Bom Gourmet
“Eu não faria coquetelaria se não fosse pelo Brasil”
Diga a verdade, você provavelmente conhece carqueja, catuaba ou mastruz... Talvez, até já provou algum chá ou mesmo bebeu uma garrafada (as infusões medicinais tradicionais do Brasil) com alguns desse ingredientes. Mas já bebeu um drink com algum deles? Ou imaginou ervas tão próprias da nossa cultura sendo usadas como base de novas bebidas?
É esse cruzamento entre a medicina popular (essa feita de garrafadas, lambedores e até benzedeiras) e a coquetelaria que a pesquisadora, mixologista e jornalista Néli Pereira propõe em seu livro Da Botica ao Boteco (editora Companhia de Mesa). Para tanto, a escritora foi investigar o perfil de sabor de ingredientes muito próprios da cultura brasileira. Néli está em Curitiba neste fim de semana para o lançamento da obra, que ocorrerá durante o Festival Tutano, no Museu Oscar Niemeyer.
Em entrevista ao Bom Gourmet, a autora falou mais sobre o Da Botica ao Boteco, seu trabalho de pesquisa e a mixologia nacional.
Deguste!
Néli, conta um pouco mais sobre o Da Botica ao Boteco, livro que você veio lançar aqui em Curitiba?

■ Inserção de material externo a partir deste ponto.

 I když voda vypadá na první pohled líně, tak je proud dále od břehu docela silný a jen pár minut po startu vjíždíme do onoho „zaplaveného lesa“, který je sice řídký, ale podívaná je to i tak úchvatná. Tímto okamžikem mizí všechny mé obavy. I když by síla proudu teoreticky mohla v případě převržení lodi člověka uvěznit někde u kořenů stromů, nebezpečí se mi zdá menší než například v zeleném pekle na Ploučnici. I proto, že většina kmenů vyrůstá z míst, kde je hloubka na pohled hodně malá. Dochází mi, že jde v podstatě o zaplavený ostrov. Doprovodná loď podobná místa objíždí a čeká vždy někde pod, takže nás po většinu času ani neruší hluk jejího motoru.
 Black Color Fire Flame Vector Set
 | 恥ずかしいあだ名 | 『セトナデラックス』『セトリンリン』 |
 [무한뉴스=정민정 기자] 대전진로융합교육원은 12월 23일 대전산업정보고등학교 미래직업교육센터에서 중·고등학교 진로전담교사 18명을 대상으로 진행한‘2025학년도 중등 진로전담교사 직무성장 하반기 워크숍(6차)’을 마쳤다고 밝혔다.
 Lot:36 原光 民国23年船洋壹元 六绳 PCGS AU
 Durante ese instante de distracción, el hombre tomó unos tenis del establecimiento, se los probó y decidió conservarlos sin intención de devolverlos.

No meu livro Da Botica ao Boteco, eu falo de ingredientes que estão no universo da botica popular brasileira, mas que a gente não conhece muito do sabor deles. Não sabemos, por exemplo, que a catuaba é mais tânica, que o mastruz é adocicado ou mesmo que a jurubeba tem muito umami. Mas, o que eu fui entendendo, e que mostro no livro, é que para além dos sabores, eu precisava também trazer os saberes do Brasil. Para que a gente pudesse, assim, brindar com e pelo Brasil.

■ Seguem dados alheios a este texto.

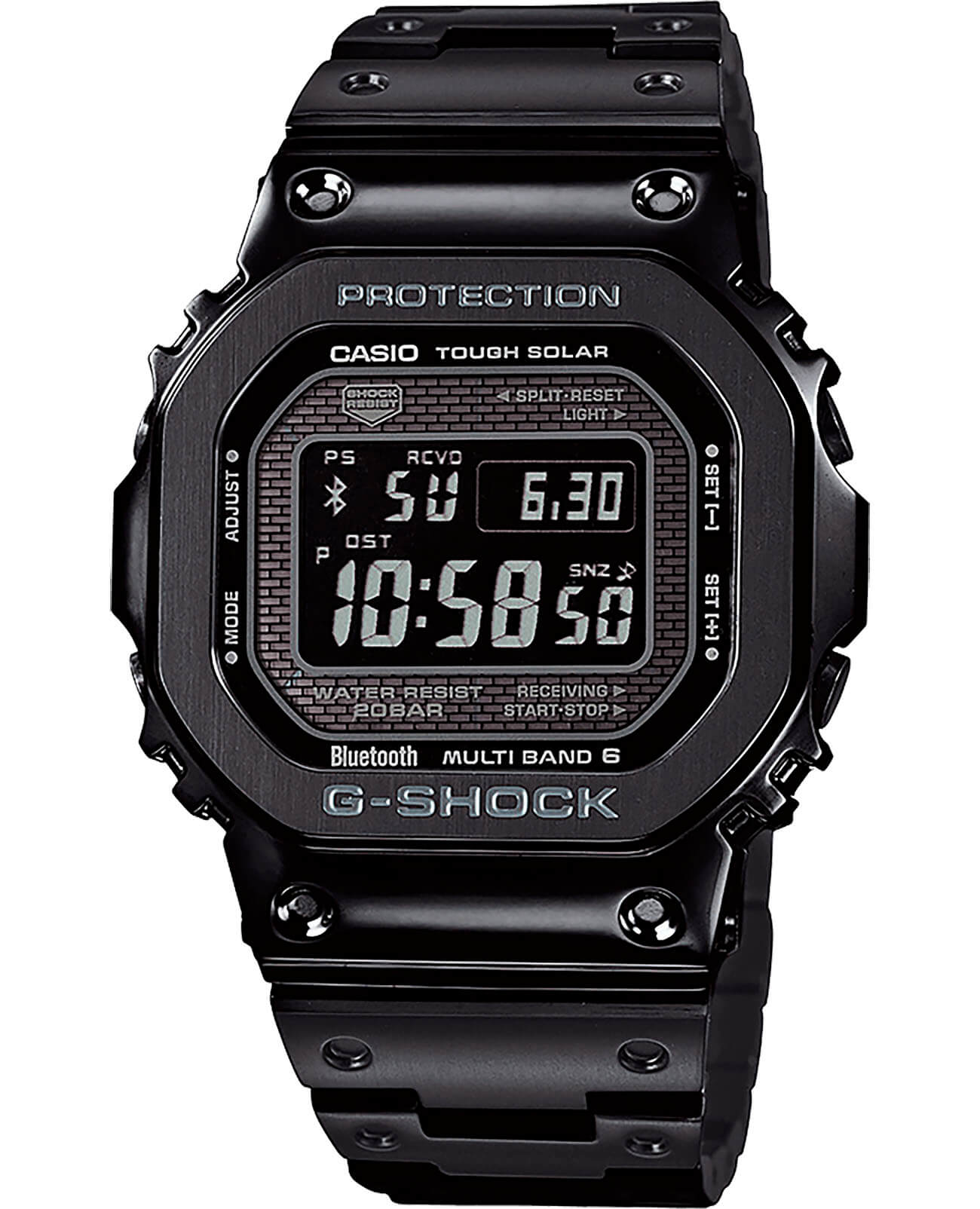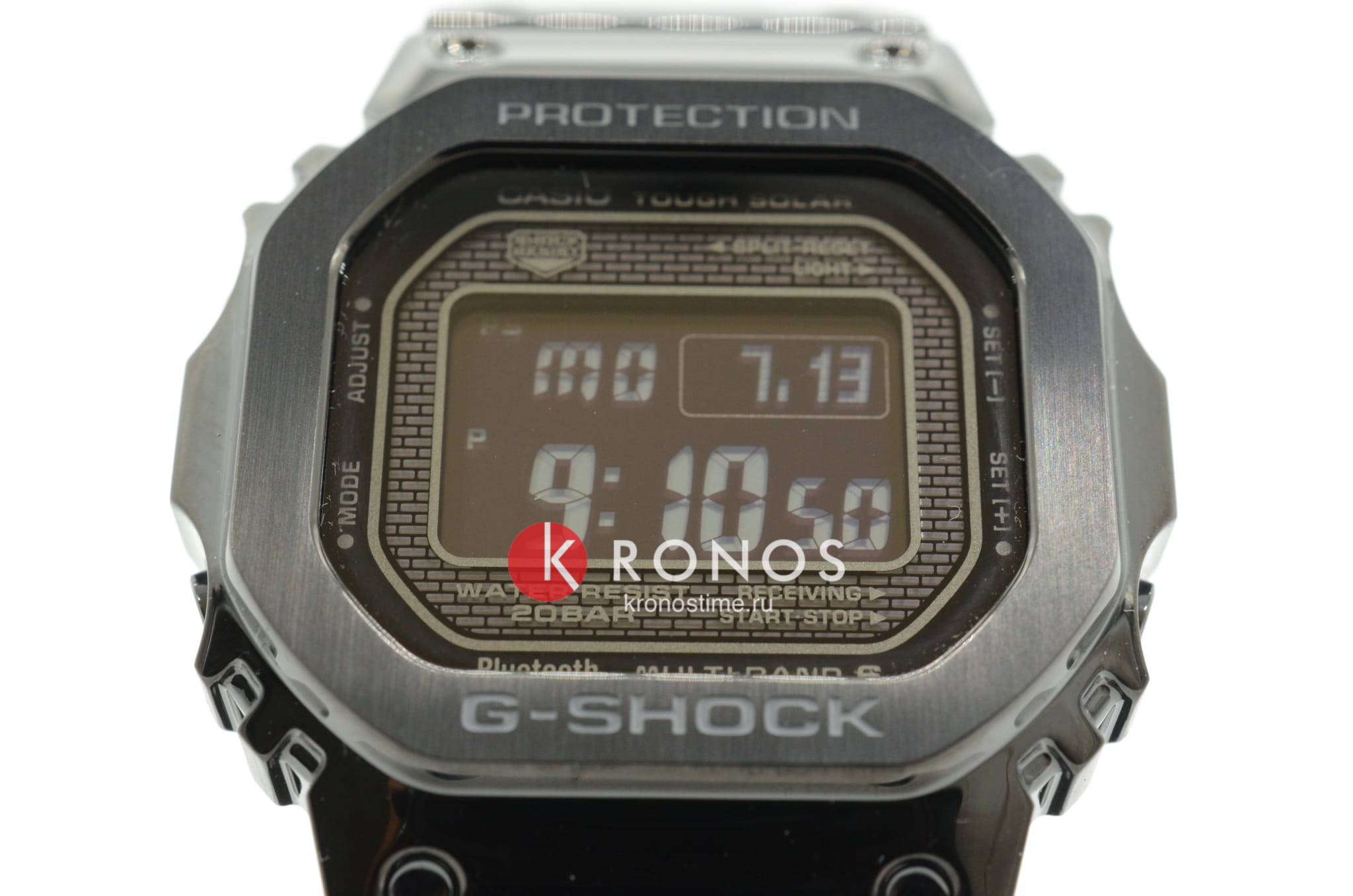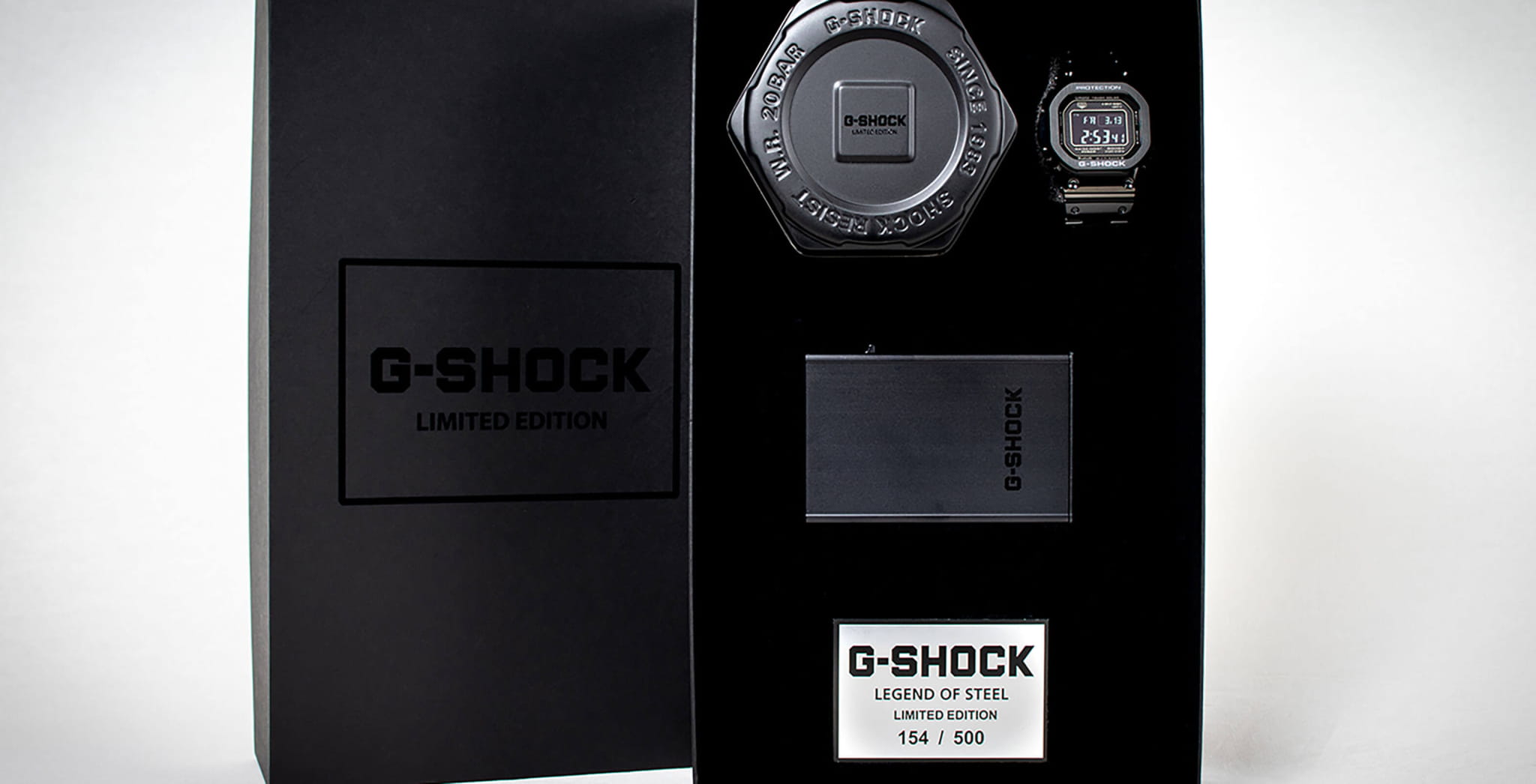 Олдскульная модель Limited Edition комплектуется набором сопутствующих предметов. В матовый черный кейс вложен лимитированный кардхолдер с логотипом Casio G-Shock. Он разрабатывался совместно с немецкой компанией Tru Virtu, производящей аксессуары, защищающие личные данные владельца электронных и пластиковых карт. Металл препятствует снятию данных сторонними устройствами, устойчив к размагничиванию, деформации, воздействию песка и жидкости. Каждый экземпляр сопровождается номерным удостоверением, выполненным в виде металлической карточки. Противоударный корпусУдаропрочный корпусМеханизм заключён в корпус, выполненный из современных материалов, устойчивых к ударам, механическим повреждениям и падению с высоты: инновационный пластик, карбон, нержавеющая сталь, титан. защищает японский кварцевый механизм, слой материала Alpha Gel® обеспечивает дополнительное усиление конструкции. Энергия для работы образуется за счёт источников света – технология . STN-дисплей отличается высокой контрастностью и расширенным углом обзора. Усложнения: светодиодная подсветкаСветодиодная подсветкаСветодиодная или LED-подсветка обеспечивает появление яркого холодного свечения за счёт LED-элементов - маленьких лампочек. Они потребляют минимальное количество энергии, чаще всего можно встретить 1 светодиод, в нижней части циферблата. Super Illuminator, таймер, хронографХронографФункция позволяет измерять отрезки времени с особой точностью: часы, минуты, секунды. Верным признаком хронографа является наличие на циферблате 3 дополнительных окошек-счётчиков., секундомер, мировое времяМировое время Полезное часовое усложнение, отображающее время в основных городах и известных областях по всему миру, оно связано с часовыми поясами, удобно для путешественников и бизнесменов. , синхронизация BluetoothBluetoothСовременная технология, позволяющая синхронизировать часы с телефоном и переносить данные. Часы с Bluetooth расширяют возможности вашего смартфона и делают его использование ещё более удобным., календарь. Габариты: 43,2 x 49,3 x 13 мм.

E como é a recepção do público, e do mercado, a essa proposta de uma coquetelaria com ingredientes brasileiros?
Quando eu comecei esse trabalho, vi muita gente torcendo o nariz, olhando com desdém. Em paralelo a esse olhar de desdém, tem também um olhar muito tropicalizado, de que tudo que fala de Brasil e da coquetelaria daqui precisa ser superfrutado, tropical, com melancias e abacaxis. Enquanto, na verdade, a nossa coquetelaria tem muito mais amargo. Mas, o que eu percebo, é que essas duas situações vêm mudando. Percebo que as pessoas estão mais abertas, principalmente os mais jovens, a olhar para esses ingredientes nacionais com grande potencial.
E, para além da pesquisa, como é a coquetelaria que você faz, Néli?

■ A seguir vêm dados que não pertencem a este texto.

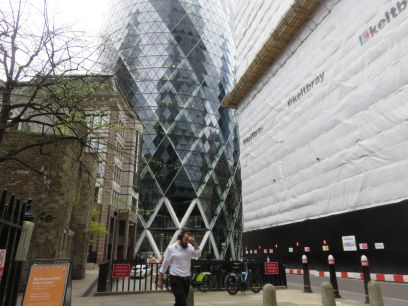 Passing the Gherkin with its huge base structure. Another mix of old and new.

É uma coquetelaria de baixa intervenção. Porque o coquetel que eu preparo não é sobre mim, é sobre os ingredientes com que eu trabalho. Eu sempre vou mostrar o ingrediente. Então, por exemplo, se eu pego um Cogumelo Yanomame e misturo a um Vermute, eu não vou esconder o sabor desse cogumelo misturando outros oito ingredientes na bebida só para mostrar como eu sei combinar os sabores. Eu sempre vou mostrar o ingrediente. Então, eu diria isso, que é uma coquetelaria mais simples, de baixa intervenção.
Néli, no livro Da Botica ao Boteco, você compartilha diversas receitas de coqueteis autorais. Como foi para você revelar esses segredos de mixologista?
Eu não faria coquetelaria se não fosse pelo Brasil. Porque eu não tenho o menor interesse de misturar álcool com outros ingredientes se não for para mostrar o Brasil. Na verdade, eu só faço se for pelo Brasil. E dentro dessa minha trajetória o que importa muito é compartilhar conhecimento. Porque não faria sentido ficar guardando receitas para mim se o que eu quero é propagar o Brasil e os nossos ingredientes. Claro, eu não vou dizer que todo mundo tem de fazer coquetelaria exclusivamente brasileira. Mas eu defendo que os nossos ingredientes podem e devem fazer parte da coquetelaria que fazemos aqui no Brasil.
Como isso, você pode explicar um pouco melhor?
Vou usar como exemplo a gastronomia, onde você tem chefs que trabalham de forma muito intensa com ingredientes e cozinha brasileira, mas você também tem chefs que usam ingredientes brasileiros numa comida mais oriental ou mais mediterrânea, por exemplo. No coquetel você também vai ter isso. As pessoas começaram a entender que, embora você tenha uma coquetelaria brasileira, muito mais gente pode encontrar caminhos para trabalhar dentro desse universo. O que eu acho que não pode acontecer é a gente só trabalhar com ingredientes de fora, com grapefruit, com yuzu, e desconhecer os sabores que temos aqui. Abrir os olhos para isso é ampliar repertório, não reduzir. E eu vejo quem trabalha na área mais curioso em relação a isso, principalmene a nova geração.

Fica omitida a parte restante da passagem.